WASHINGTON: President Joe Biden can breathe a bit easier, at least for the moment, now that Israel and Iran appear to have stepped back from the brink of tipping the Middle East into all-out war.

Israel’s retaliatory strikes on Iran and Syria caused limited damage. The restrained action came after Biden urged Prime Minister Benjamin Netanyahu’s government to temper its response to Iran’s unprecedented direct attack on Israel last week and avoid an escalation of violence in the region. Iran’s barrage of drones and missiles inflicted little damage and followed a suspected Israeli attack on the Iranian consulate in Damascus this month that killed two generals.

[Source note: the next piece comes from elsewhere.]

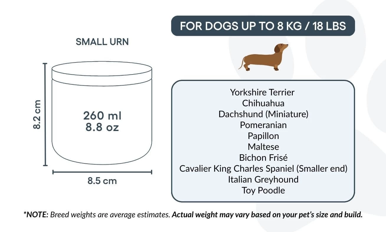 Odpowiednia zarówno dla małych, jak i średnich psów, ta ceramiczna urna dla zwierząt to coś więcej niż pojemnik — to pamiątka odzwierciedlająca miłość i więź, którą dzieliliście. Niezależnie od tego, czy ustawiona na półce, czy w specjalnym miejscu pamięci, pomaga zachować blisko wspomnienia o ukochanym pupilu.

Iran’s public response to the Israeli strikes Friday also was muted, raising hopes that Israel-Iran tensions — long carried out in the shadows with cyberattacks, assassinations and sabotage — will stay at a simmer.
The situation remains a delicate one for Biden as he gears up his reelection effort in the face of headwinds in the Middle East, Russia and the Indo-Pacific. All are testing the proposition he made to voters during his 2020 campaign that a Biden White House would bring a measure of calm and renewed respect for the United States on the world stage.
Foreign policy matters are not typically the top issue for American voters. This November is expected to be no different, with the economy and border security carrying greater resonance.
But public polling suggests that overseas concerns could have more relevance with voters than in any US election since 2006, when voter dissatisfaction over the Iraq War was a major factor in the Republican Party losing 30 House and six Senate seats.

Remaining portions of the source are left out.